### DESCRIPTION OF THE TASK:
Everything from the first line of the material to the line containing "为深入贯彻落实习近平新时代中", inclusive, must be given again exactly; no pictures, and nothing past that line.

### GIVEN INFORMATION:
☆ ☆ ☆ ☆ ☆ ☆ ☆

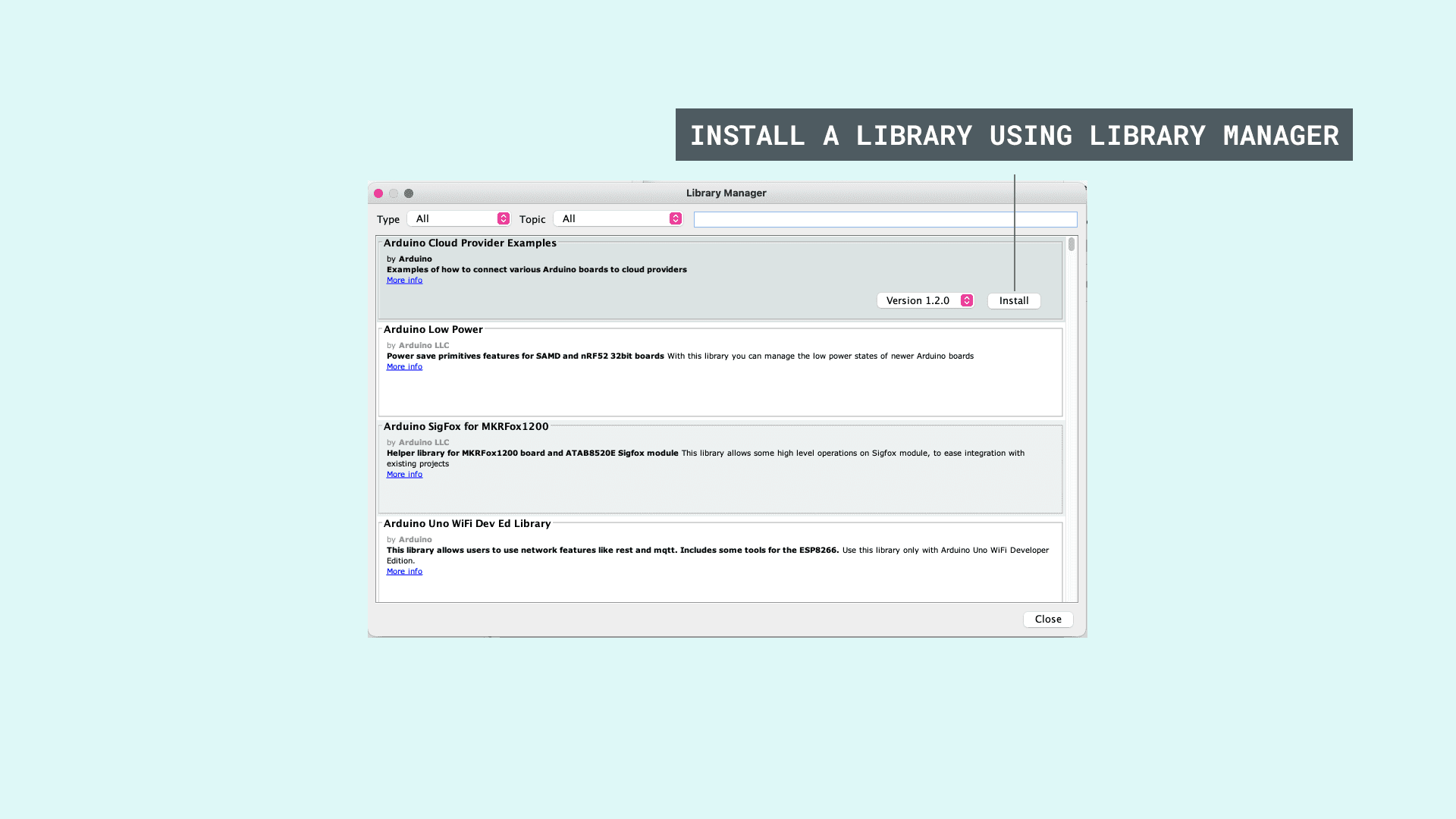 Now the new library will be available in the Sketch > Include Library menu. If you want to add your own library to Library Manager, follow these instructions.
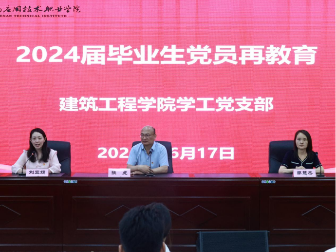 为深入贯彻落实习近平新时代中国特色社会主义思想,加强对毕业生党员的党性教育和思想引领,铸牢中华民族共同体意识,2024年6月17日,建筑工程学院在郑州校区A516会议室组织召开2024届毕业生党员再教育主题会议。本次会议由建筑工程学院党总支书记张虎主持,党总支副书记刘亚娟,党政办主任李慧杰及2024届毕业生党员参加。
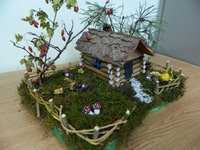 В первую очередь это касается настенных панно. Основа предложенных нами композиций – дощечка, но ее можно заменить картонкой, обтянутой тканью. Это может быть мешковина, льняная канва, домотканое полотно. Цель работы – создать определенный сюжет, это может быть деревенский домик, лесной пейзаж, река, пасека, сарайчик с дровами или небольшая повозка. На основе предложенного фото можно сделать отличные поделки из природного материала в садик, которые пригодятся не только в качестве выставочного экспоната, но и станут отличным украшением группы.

☆ ☆ ☆ ☆ ☆ ☆ ☆

### SOLUTION:
 Now the new library will be available in the Sketch > Include Library menu. If you want to add your own library to Library Manager, follow these instructions.
 为深入贯彻落实习近平新时代中国特色社会主义思想,加强对毕业生党员的党性教育和思想引领,铸牢中华民族共同体意识,2024年6月17日,建筑工程学院在郑州校区A516会议室组织召开2024届毕业生党员再教育主题会议。本次会议由建筑工程学院党总支书记张虎主持,党总支副书记刘亚娟,党政办主任李慧杰及2024届毕业生党员参加。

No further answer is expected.